Дмитрий Нестеров: Песни важно пропускать через себя

Дмитрий Нестеров: Песни важно пропускать через себя

В День России перед дзержинцами выступил певец и композитор, лауреат многих музыкальных премий Дмитрий Нестеров. Он исполнил композиции советских лет, а также собственные песни, в том числе хит «Мне снова 18».

А накануне концерта Дмитрий Нестеров ответил на вопросы корреспондента «Репортера».

Я стал петь советскую классику и патриотику

– Дмитрий, вы творите в самых разных музыкальных стилях. Какой из них вам ближе?

– Сейчас меня больше всего увлекает классическая симфоническая эстрада, к которой я пришел под влиянием творчества Арно Бабаджаняна.

Я познакомился с его сыном Араиком, и меня пригласили стать солистом Международного фонда памяти Арно Бабоджаняна, реализующего крупные проекты с центральным оркестром Министерства обороны РФ, оркестрами Росгвардии и ФСБ.

Сейчас я пишу партитуры для оркестра к популярным песням. Это очень непростая работа, потому что тут нужно специальное образование, а у меня оно вокальное и актерское. Какие-то песни могут быть переработаны, какие-то я специально стал писать для оркестров.

Я стал петь советскую классику и патриотику. Меня очень это зацепило. Я перешел к голосовым, сложным песням, понял, что готов к их исполнению.

– Но главный ваш хит «Мне снова 18» написан совершенно в другом стиле.

– Как бы хорошо я ни спел песню Муслима Магомаева, в сердце слушателя она останется как магомаевская.

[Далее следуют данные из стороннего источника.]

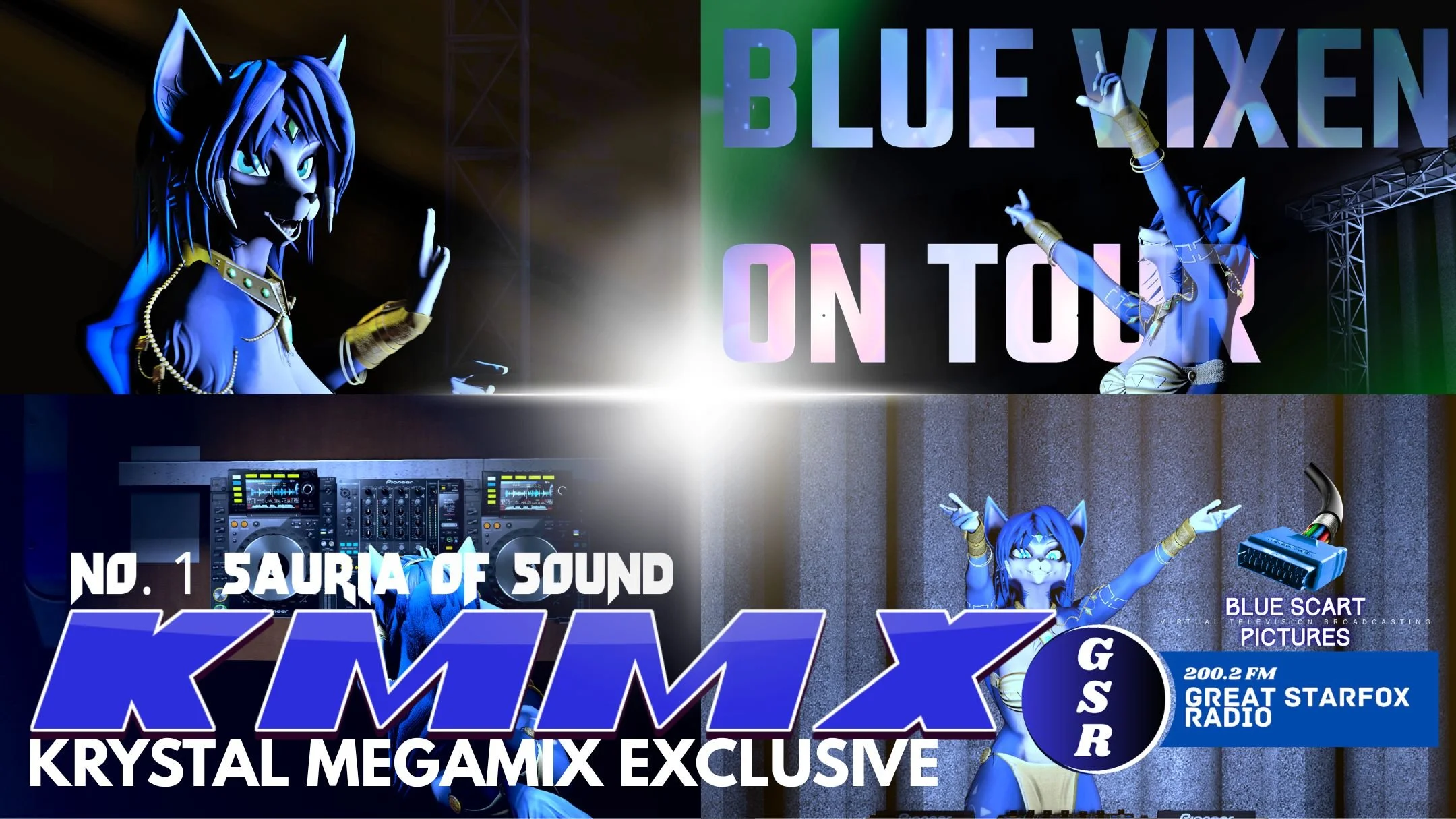 TeaPenn introduces Blue Scart Pictures, powered by OBS in association with Virtual Mixers Project, to deliver high-quality broadcasting for the Krystal Megamix Blue Vixen On Tour virtual shows! Blue Scart holds no copyright for any music or models used in films!

Поэтому нужно создавать свои песни: о людях и для людей, написанные понятным, простым языком.

В песне «Мне снова 18» моя музыка, а слова написала девушка-поэт Роза Зименс.

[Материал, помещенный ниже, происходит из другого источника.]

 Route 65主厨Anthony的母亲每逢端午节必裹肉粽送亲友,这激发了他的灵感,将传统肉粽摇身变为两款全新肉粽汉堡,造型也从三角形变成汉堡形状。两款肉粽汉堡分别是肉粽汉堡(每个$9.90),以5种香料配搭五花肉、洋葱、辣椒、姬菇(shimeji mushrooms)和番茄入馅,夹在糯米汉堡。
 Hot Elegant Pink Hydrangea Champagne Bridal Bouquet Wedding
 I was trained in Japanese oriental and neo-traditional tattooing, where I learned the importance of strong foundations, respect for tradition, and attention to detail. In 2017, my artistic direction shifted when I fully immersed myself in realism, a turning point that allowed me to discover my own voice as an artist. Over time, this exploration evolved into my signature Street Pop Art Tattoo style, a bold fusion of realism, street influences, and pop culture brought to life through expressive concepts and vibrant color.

Она хотела со мной поработать года два. Когда мне исполнилось 36 лет, я подумал: «36 – это 18 и снова 18». Я обратился к девушке: «У меня есть фраза, мне нужно срочно текст от вас». И она написала его за полтора часа.

В тот год я участвовал в открытии Международного московского кинофестиваля и подружился там с «Бурановскими бабушками». Я подумал, что с ними эта песня будет звучать интереснее. Они поначалу испугались, говорили: «Нас могут не так понять, мы уж и не помним, когда нам по 18 лет было». Еле уговорил их. Одна бабушка сказала: «А я помню, мне снова 18». Так они и оттаяли одна за другой.

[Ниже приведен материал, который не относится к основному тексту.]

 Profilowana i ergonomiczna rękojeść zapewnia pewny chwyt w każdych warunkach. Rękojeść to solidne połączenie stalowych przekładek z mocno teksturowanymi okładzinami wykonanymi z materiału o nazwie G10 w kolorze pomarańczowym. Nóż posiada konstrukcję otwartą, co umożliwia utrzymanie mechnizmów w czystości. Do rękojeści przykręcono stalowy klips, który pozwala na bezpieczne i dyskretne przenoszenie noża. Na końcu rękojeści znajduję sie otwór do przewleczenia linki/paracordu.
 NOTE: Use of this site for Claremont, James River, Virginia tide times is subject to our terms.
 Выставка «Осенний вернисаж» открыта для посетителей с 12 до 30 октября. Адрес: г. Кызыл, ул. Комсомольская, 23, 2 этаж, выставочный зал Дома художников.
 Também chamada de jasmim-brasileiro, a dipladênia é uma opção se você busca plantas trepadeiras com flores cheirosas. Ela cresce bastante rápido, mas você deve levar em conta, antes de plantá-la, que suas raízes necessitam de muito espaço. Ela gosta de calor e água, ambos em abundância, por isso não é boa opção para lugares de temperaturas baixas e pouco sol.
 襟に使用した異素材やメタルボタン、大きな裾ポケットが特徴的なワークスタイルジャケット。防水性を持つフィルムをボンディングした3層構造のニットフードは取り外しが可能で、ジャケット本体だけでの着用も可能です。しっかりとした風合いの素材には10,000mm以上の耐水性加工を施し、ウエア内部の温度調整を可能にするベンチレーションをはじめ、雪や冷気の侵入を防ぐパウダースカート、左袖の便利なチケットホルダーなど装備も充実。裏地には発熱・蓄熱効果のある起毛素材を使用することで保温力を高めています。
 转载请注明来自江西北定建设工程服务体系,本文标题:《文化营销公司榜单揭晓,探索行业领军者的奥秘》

А когда песню взяли радиостанции, они сказали: «О, какая песня, оказывается».

Мне, кстати, все тогда говорили: «Это не твое». Люди хотят живую обезьянку, это когда артист скачет по сцене, веселится. У тебя другое амплуа. Я включил видео, посмотрел на себя – действительно, какая-то мертвая обезьянка. И у меня ушло, наверное, полгода на то, чтобы оживить себя. Поначалу я был уверен, что ничего не получится, я наигранно старался, пыжился, но взлететь не получалось. А потом я начал этим жить. Меня спрашивали: «Ты что, запрещенные вещества принял». Я отвечал: «Нет, мне просто нравится моя музыка. И я понял, что надо делать на сцене». И песни мои, как выяснилось, зрители любят.


Дмитрий Нестеров – заслуженный артист России, окончил актерское отделение института современного искусства, после освоил эстрадный вокал в ГИТИСе.

На третьем курсе получил роли в мюзиклах «Волосы», «Свадьба соек» и «Иисус Христос – суперзвезда».

На конкурсе эстрадного искусства имени Бориса Брунова получил премию из рук Валентины Толкуновой.

Победитель конкурса Аллы Пугачевой «Алла ищет таланты».

Дмитрий Нестеров много лет занимается добровольческой деятельностью, является членом попечительского совета фонда Оксаны Федоровой «Спешите делать добро», фонда Гоши Куценко «Шаг вместе», организует выставки-пристройства для благотворительного фонда «В добрые руки» и Шереметьевского приюта, сотрудничает с фондом «Вера», дает концерты для людей на последней стадии рака в хосписах.

В 2017 году Нестеров написал гимн волонтеров Москвы, который впоследствии стал официальным гимном «Мосволонтера».

В 2018 году Дмитрию Нестерову был присвоен титул посла доброй воли «Мосволонтер» Правительства Москвы.


Смог почувствовать то время

– Многим нравится, как вы исполняете песни военных лет. Песня «На поле танки грохотали» набрала в Интернете 12 миллионов просмотров. Передать дух того времени вам помогает актерское образование?

– Песни важно пропускать через себя, проживать, понимать и чувствовать то, о чем ты поешь. Если ты не испытываешь настоящих эмоций, зрители тоже не будут их испытывать. Педагоги ГИТИСа по вокалу говорили нам, студентам: «Если то, о чем вы поете, не интересно вам самим, то это не будет интересно никому».

Во время Великой Отечественной войны моя бабушка делала авиабомбы в тылу, а дедушка, пилот, сбрасывал эти бомбы на фашистов. У каждого из них была своя война, они много рассказывали о том времени, и я, как мне кажется, смог его почувствовать.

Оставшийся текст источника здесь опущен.